Flooding - advice if your business has been flooded
General health and safety
The following points cover general flooding advice but you may need to assess any other risks specific to your business and manage those accordingly:
- During the recovery operation you need to assess the risks to staff and the public; where possible avoid risks, otherwise manage them so as to reduce them to a safe level. Provide appropriate safety instruction and training to staff for the circumstances.
- You should assume that any water that has affected property and items could contain sewage and protect yourself and staff accordingly. When cleaning up try to avoid contact with floodwater.
- Wear protective clothing including rubber gloves, Wellingtons, overalls etc.
- Avoid swallowing any water and wash hands thoroughly and regularly.
- If your property has been heavily contaminated with raw sewage please contact the Council as soon as possible regarding disposal of property.
- Use specialist detergents if cleaning up any petrol/oil and follow safety information from the manufacturer. Ensure adequate ventilation.
- Do not use any electrical equipment or circuits that have been flooded until they have been checked and declared safe by a qualified electrician.
- If the power supply is off assess the risk to your staff and customers and consider closing the business if necessary.
- Do not use any internal lifts until power supplies are back to normal or your staff may become stranded if the supply is interrupted.
- Do not enter any confined spaces e.g. cellars where there is known oil/petrol contamination.

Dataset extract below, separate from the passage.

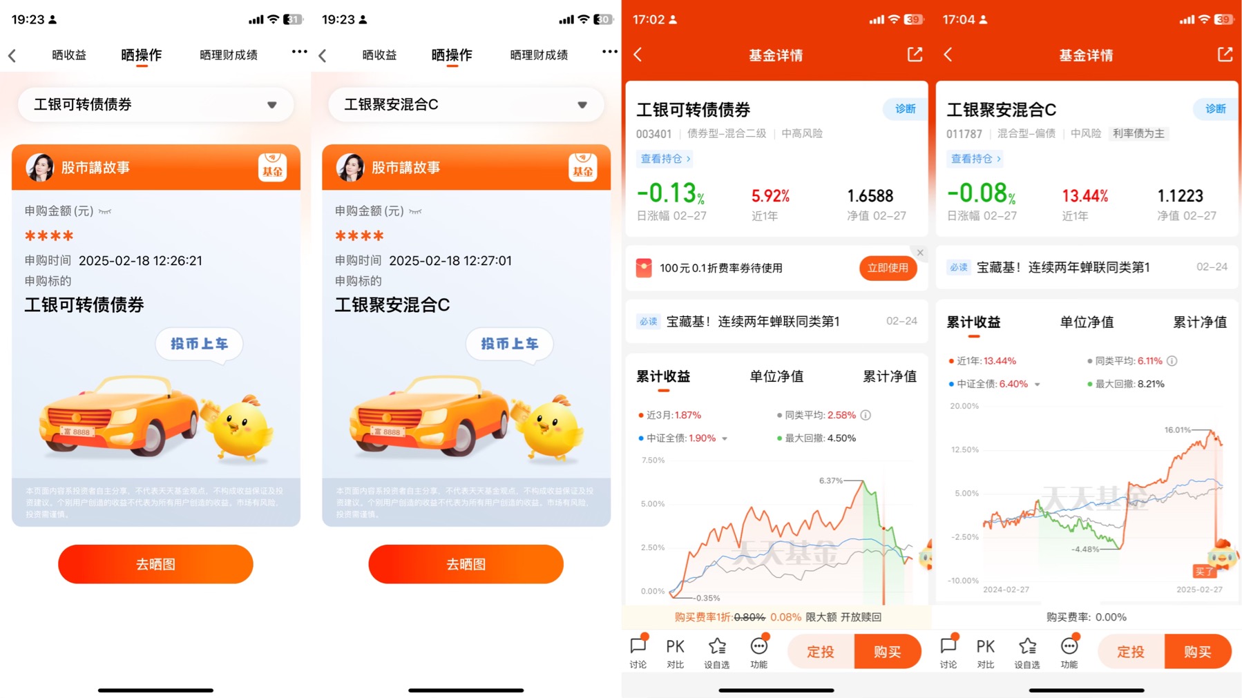 我看好A股市场和债券市场的后续表现!更加积极的财政政策和适当宽松的货币政策,以及引导中长期资金入市,都支持股市债市延续上涨行情,因而工银可转债、工银聚安混合这样的“固收+”、“偏债混”等含权资产将更具配置价值!@工银瑞信基金 #晒收益#

- If you are on a private water supply and have been affected by flooding you should assume the supply may have been contaminated and is not fit to use without boiling. Even if you have a treatment method it may be the contamination is heavy (this may not be visible) and the treatment method may have been unable to cope. Therefore still treat water as contaminated and boil accordingly.
Contact the Vale’s Environmental Protection Team on 01235 520202 for further advice.

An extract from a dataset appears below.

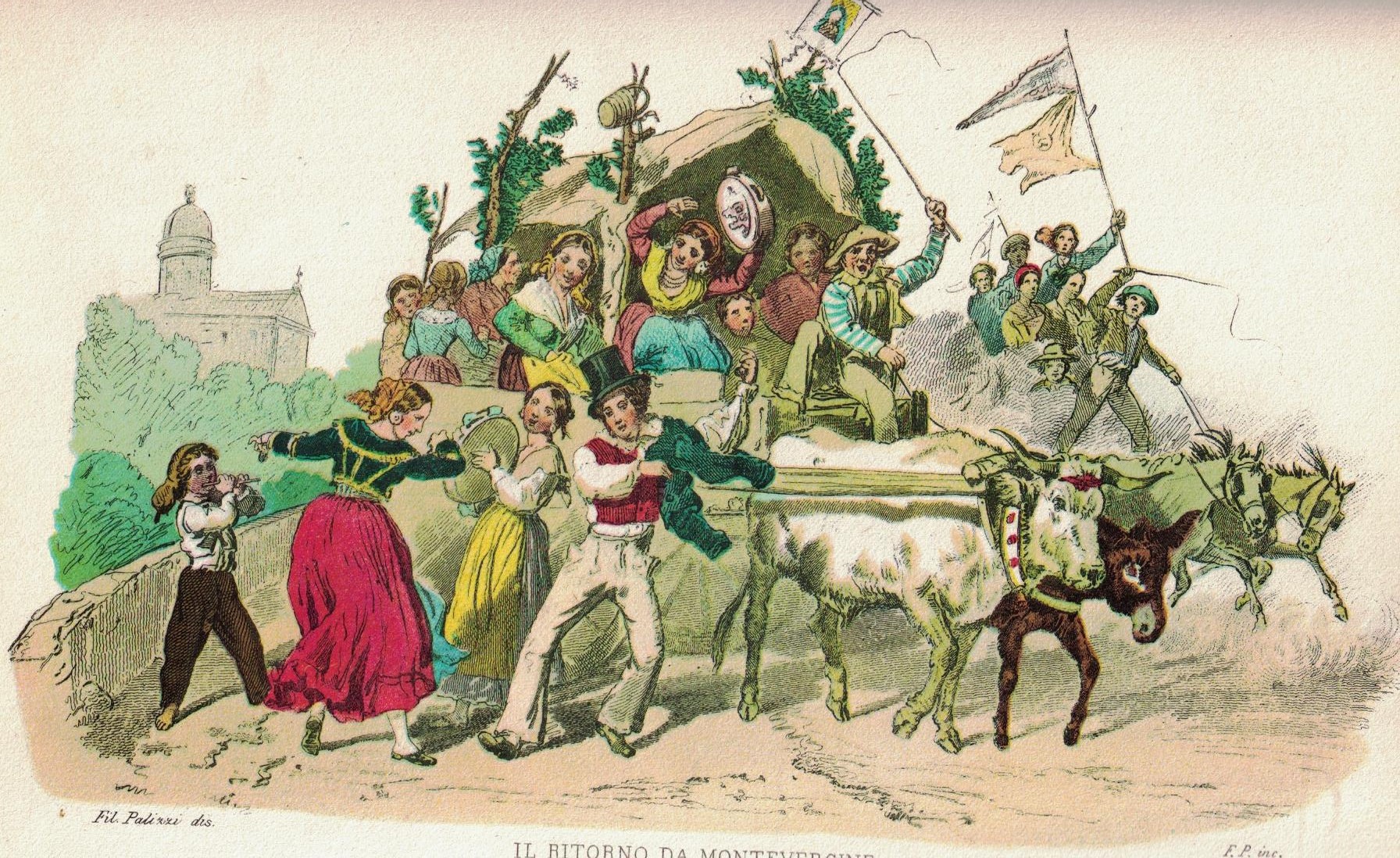 L’8 settembre del 1910 il posto di guardia dei “Seggiari”, sul confine tra Somma e Ottajano, registrò che a mezzogiorno erano passate, dirette verso Ottajano, 96 “carrozze”: e il temine indica in modo inequivocabile vetture “eleganti” tirate da almeno due cavalli, ornati, come imponeva il cerimoniale della festa, di pennacchi e di gualdrappe colorate. Molti carri, trainati da asini e da buoi, entrarono in città dalla via di Sarno e vennero “parcheggiati” lungo la Masseria Greco. Venti giorni dopo il comandante delle guardie urbane ottajanesi spiegava al sindaco che non era stato possibile evitare risse anche gravi, e bloccare “mariuoli e altra pericolosa gente” perché la folla dei pellegrini era stata “innumerabile”. Il che dimostrava che già vigorosa era la resurrezione della città, distrutta quattro anni prima dal Vesuvio. I cronisti descrissero brevemente la giornata con i soliti colori che tingevano la realtà con le tinte dei “luoghi comuni”: i cantanti “’a fronna ‘e limone”, i banchi di “semmentari” e di “franfelliccari” che vendevano semi di zucca e “bastoncini di zucchero caramellato”, gli enormi “tiani” con le ultime “pullanchelle” – le spighe di granoturco lessate o abbrustolite -, e poi tutti gli strumenti musicali del folklore di Napoli e della sua Piedigrotta.

If your food business has been flooded
There could be a serious risk to public health from infection and food contamination.
- Do not prepare any food or re-open the establishment until the premises have been thoroughly cleaned and disinfected. The floodwater may be heavily contaminated with sewage, harmful bacteria and other pollutants.
- All food contact surfaces, equipment, utensils, work tables etc. must be thoroughly sanitised before re-using.
- Any heavily contaminated items should be thrown away.
- All food that may have been contaminated must be destroyed. Initially this must be double bagged and placed in a sealed container to prevent attracting pests.
- Contact your commercial waste contractor to arrange collection of this food in the normal way.
- If you become ill or suffer any gastric symptoms following the clean up please visit your GP immediately. Nobody should handle or prepare food if they are suffering from severe diarrhoea, vomiting etc.
If in doubt, please contact the Council’s Food and SafetyTeam on 01235 520202.
Power cuts and food
A number of businesses will have suffered from power cuts and disruption to electricity supplies.
- High-risk food (such as cooked meat, fish, dairy, egg, rice products etc.) must be stored at or below 8ºC to prevent the growth of harmful bacteria.
- For chilled food, if your refrigerator/s have been without power so that food has risen above 8ºC for up to four hours, it is important to ensure that the food is immediately chilled to 8ºC or below, or that it is cooked (please see below), or thrown away. (Only one single period of up to four hours is permitted out of refrigeration; food should be thrown away if it has been above 8ºC for more than four hours).
- For frozen food, provided freezer doors are kept closed, food should remain frozen in disconnected freezers for up to 24 hours. If food has defrosted it should be safe if it is immediately treated as chilled food, refrigerated to 8ºC or below, and used up within two days. If frozen food has risen above 8ºC for more than four hours it should be thrown away.
- As an alternative to chilling food to 8ºC or below in the above situations (where it has been out of refrigeration for up to four hours), businesses which are still able to trade hygienically and are serving cooked (or properly re-heated) food may keep that food above 63ºC prior to serving.
- If you are affected by intermittent power cuts, consider using cool boxes and ensuring a ready supply of ice blocks and freeze these at times when the power is on.
- Try to avoid opening refrigerator / freezer doors, particularly when the power is off. The temperature of an open fridge rises very quickly.
- If you are unable to keep high-risk food under adequate temperature control you must not use that food. Depending on the circumstances, it may be necessary for you to close your business.